In some cases, other monitoring techniques may be needed in addition to distributed tracing to fully understand the performance of a distributed system. These techniques may include log analysis, metrics monitoring, and synthetic testing.

Can Distributed Tracing identify code-level issues in applications?

Yes, in some products such as eG Enterprise code-level visibility is possible. Distributed transaction tracing with eG Enterprise helps application managers track and follow every user transaction from any device (web and mobile). Using byte-code instrumentation, eG Enterprise auto-discovers the URLs being accessed by users, tracks the time taken for the server to respond, and alerts when slowness is detected. A transaction flow map helps to visualize the different stages of transaction processing.

Using distributed transaction tracing, you can easily pinpoint the exact line of application code that is taking high processing time and causing slowness. Additionally, you can also detect if there are any slow queries to the database that are causing slowness or any slow third-party calls. This capability is currently available for Java and .NET web applications. Transaction tracing for Node.js and PHP are also supported.

Distributed tracing can also be a powerful tool to proactively optimize problematic or inefficient code within applications and services.
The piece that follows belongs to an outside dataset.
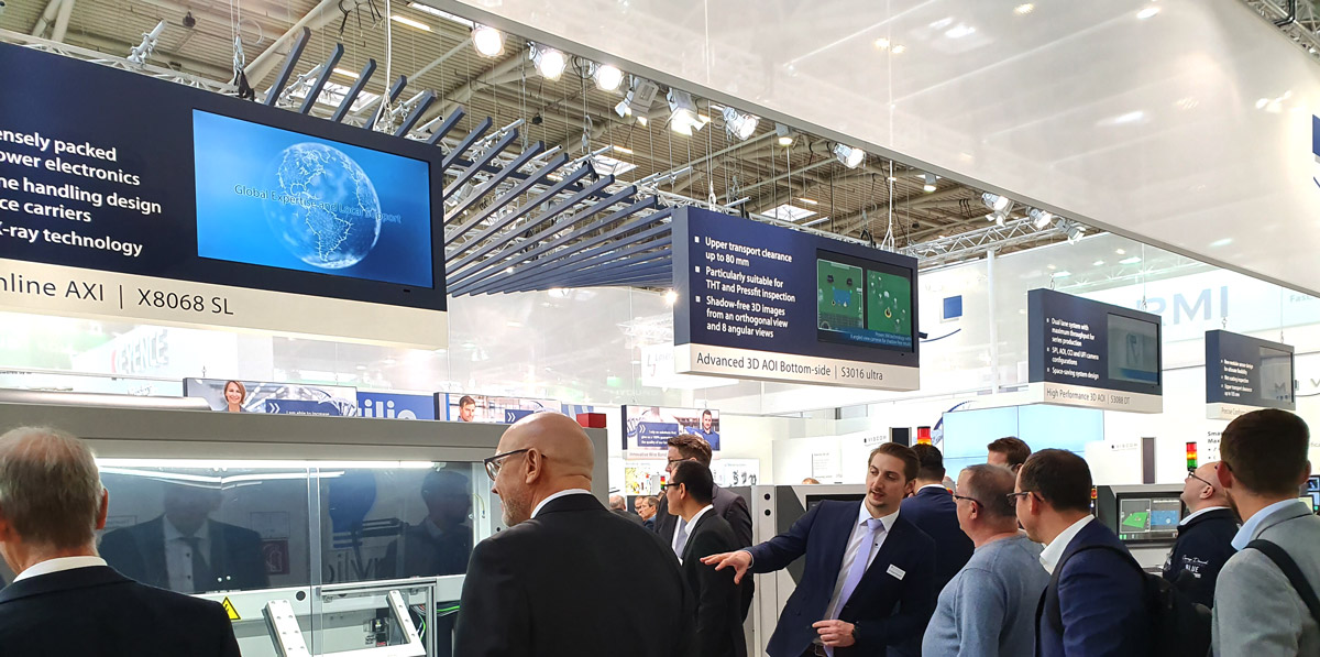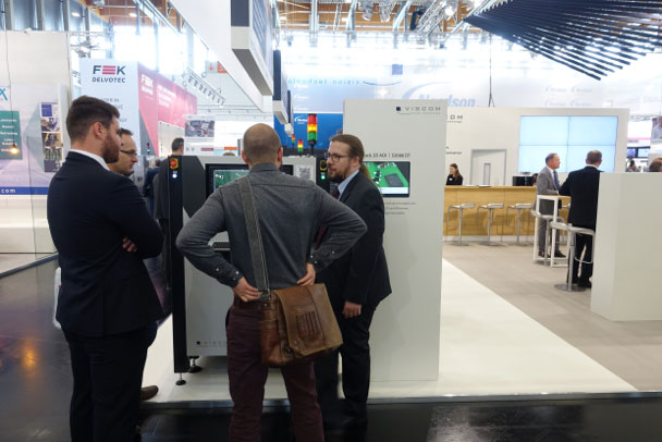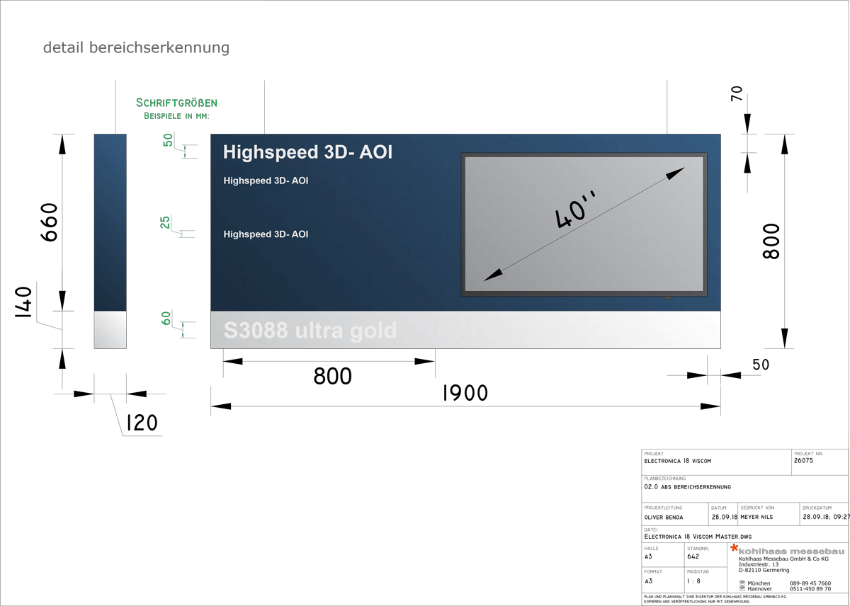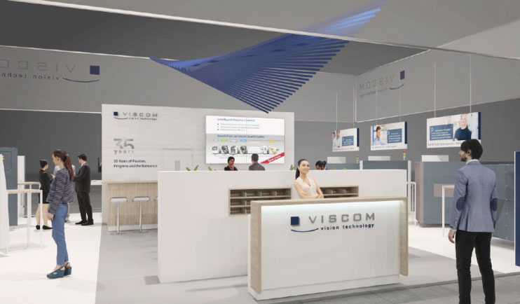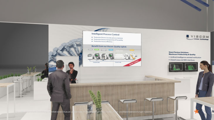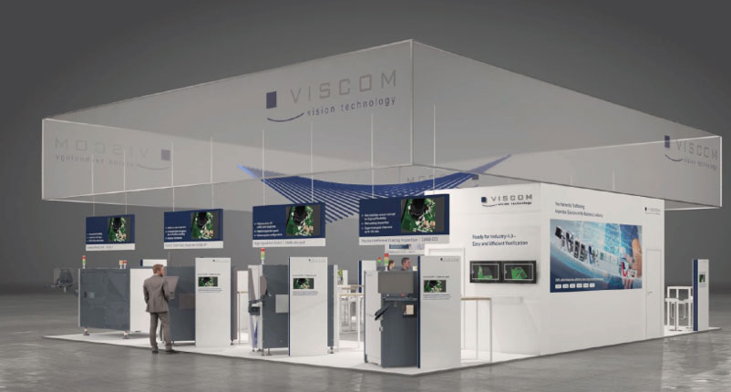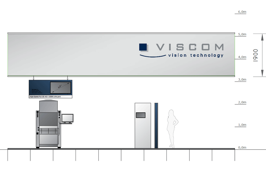 Viscom Messestände sollen stark, hell und kühl ausgeleuchtet sein. Besonderer Fokus liegt auf der optimalen Ausleuchtung der Exponate. Die Farbtemperatur sollte sich im Bereich neutralweiß bewegen.

Observability - APM (Application Performance Monitoring) vs Distributed Tracing

Application Performance Monitoring (APM) and distributed tracing are two distinct but related concepts that play useful roles in understanding and monitoring application performance.

Distributed tracing focuses on tracking the flow of individual requests as they traverse through various services and components within a distributed system. It provides a detailed, end-to-end view of request traces, capturing latency, dependencies, and contextual information at a granular level. Distributed tracing helps analyze the performance characteristics of each request and identify bottlenecks or issues within specific spans or components. Tracing is a technique to follow the request path as it traverses application boundaries across layers and tiers. Traces are one telemetry type. APM uses traces along with other telemetry types such as metrics and logs to provide observability, see: The Three Pillars of Observability: Metrics, Logs and Traces (eginnovations.com).

APM provides a broad view of the overall performance and behavior of an application or system. It captures metrics such as response times, error rates, and resource utilization, offering insights into the health of the entire system or specific components.

Beyond application metrics, some APM tools can also provide host, infrastructure, and network metrics. This means that administrators can become aware of anomalous behavior and the warning signs of potential issues e.g., increasing server CPU or handle queues before users are impacted allowing them to stay ahead of any potential performance issues and proactively resolve them before users and transactions are actually impacted or experience performance issues or failures. Distributed tracing typically detects issues that have already arisen, and users are probably already experiencing issues.

What are the top tools for Distributed Tracing in IT monitoring?

There are many popular, widely used tools for implementing distributed tracing in distributed systems, including - OpenTelemetry, Jaeger (originally developed by Uber), Zipkin, AWS X-Ray (a managed tracing service provided by Amazon Web Services (AWS)), Dynatrace, Datadog and of course eG Enterprise.